Home > Media & Technology > Next Generation Technologies > AI and Machine Learning > Artificial Intelligence (AI) Chipsets Market
Edge AI is increasingly being integrated into Internet of Things (IoT) devices, allowing for faster data processing and decision-making at the source, rather than relying on cloud-based servers. This trend is driven by the need for real-time analytics and reduced latency in applications such as smart home devices, industrial sensors, and autonomous vehicles.
For instance, in August 2022, NVIDIA announced its new Jetson Orin series, designed to bring powerful AI computing to edge devices. These chipsets offer enhanced performance for AI workloads directly on the device, supporting complex applications like autonomous robotics and real-time video analytics without relying on centralized cloud servers.
AI chipset miniaturization is a key trend in the industry, driven by the need to embed advanced AI capabilities into increasingly compact and portable devices. This trend is essential for integrating powerful AI functions into consumer electronics, wearables, and other compact gadgets. Miniaturization involves shrinking the size of AI chipsets while maintaining or even enhancing their performance. This trend is fueled by the growing demand for smarter, more efficient devices in various sectors.

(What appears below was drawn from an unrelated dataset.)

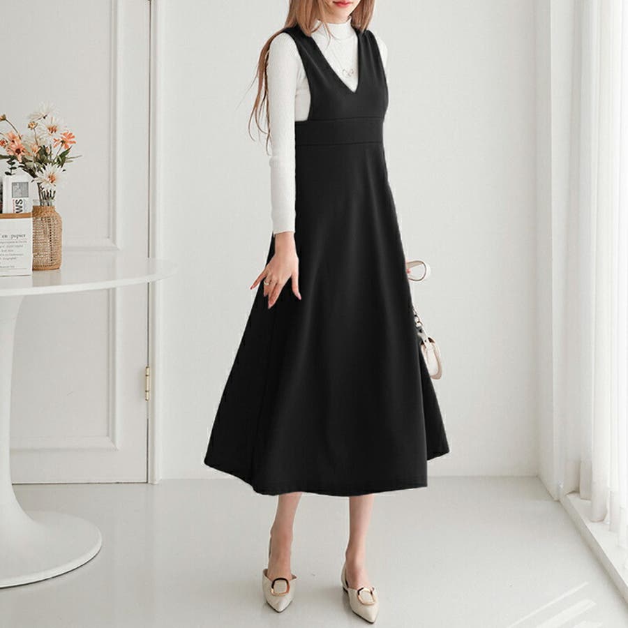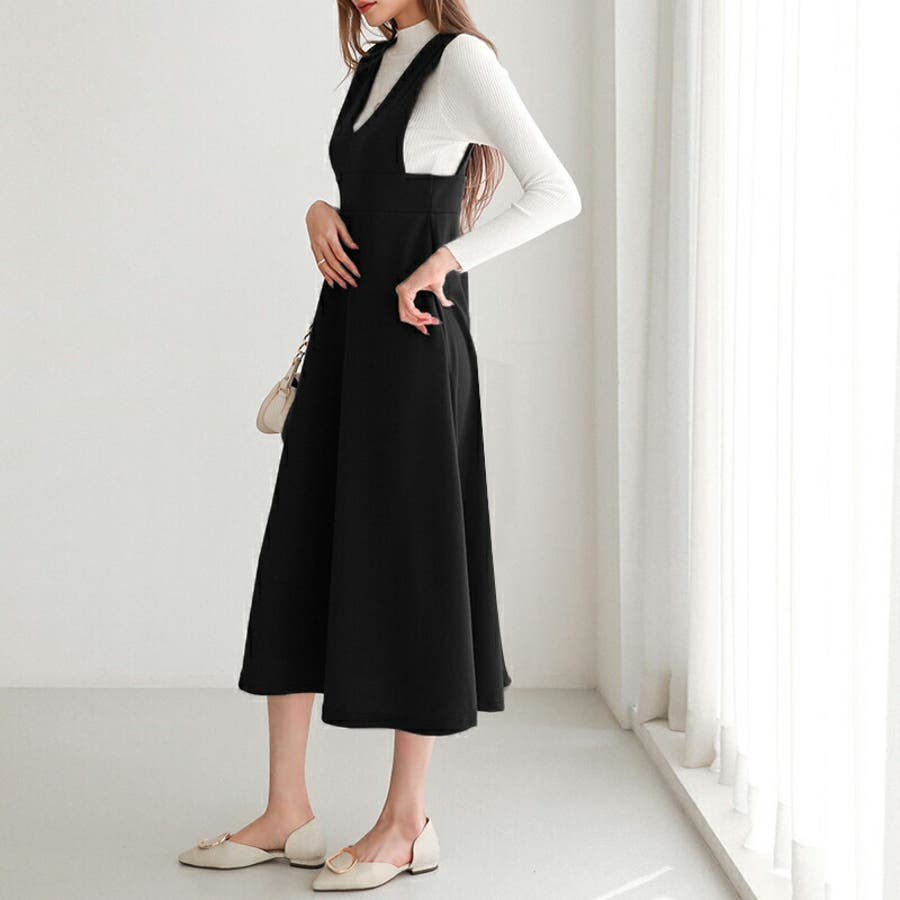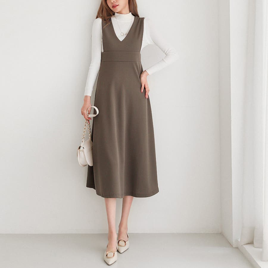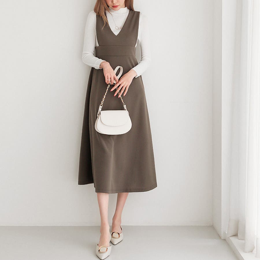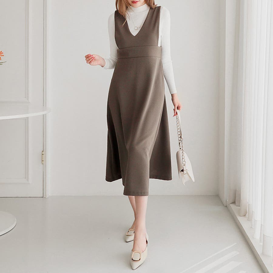 ジャンパースカート vネック ワンピース 春 夏 ノースリーブ ジャンスカ ワンピ レディース ゆったり 大きいサイズ 体型カバー 細見え お腹カバー aライン フレア フレアワンピース ハイウエスト シンプル 無地 ミモレ ミモレ丈 低身長 高身長 深v ふんわり プチプラ 高見え 着回し 重ね着 レイヤード ナチュラル フェミニン カジュアル 上品 きれいめ 大人 かわいい 大人可愛い おしゃれ ママ ママコーデ m I 茶色 茶 黒 春コーデ 春夏 秋 冬 春服 夏服 秋服 韓国 韓国ファッション 20代 30代 40代 50代 cocomomo ココモモ

Smaller chipsets allow for the inclusion of sophisticated AI features in devices with limited space, such as smartphones, smartwatches, and other wearable technology. The advantages of miniaturization include reduced power consumption, improved energy efficiency, and the ability to incorporate AI directly into devices without relying on cloud-based processing.
For example, in September 2023, Apple introduced the A17 Pro chip, which powers the iPhone 15 Pro and iPhone 15 Pro Max. Built using a cutting-edge 3nm process, the A17 Pro chip represents a significant advancement in miniaturization technology. The A17 Pro boasts 19 billion transistors, an increase from the 16 billion in the A16 Bionic chip. This enhancement is crucial as more transistors enable better processing capabilities and power efficiency.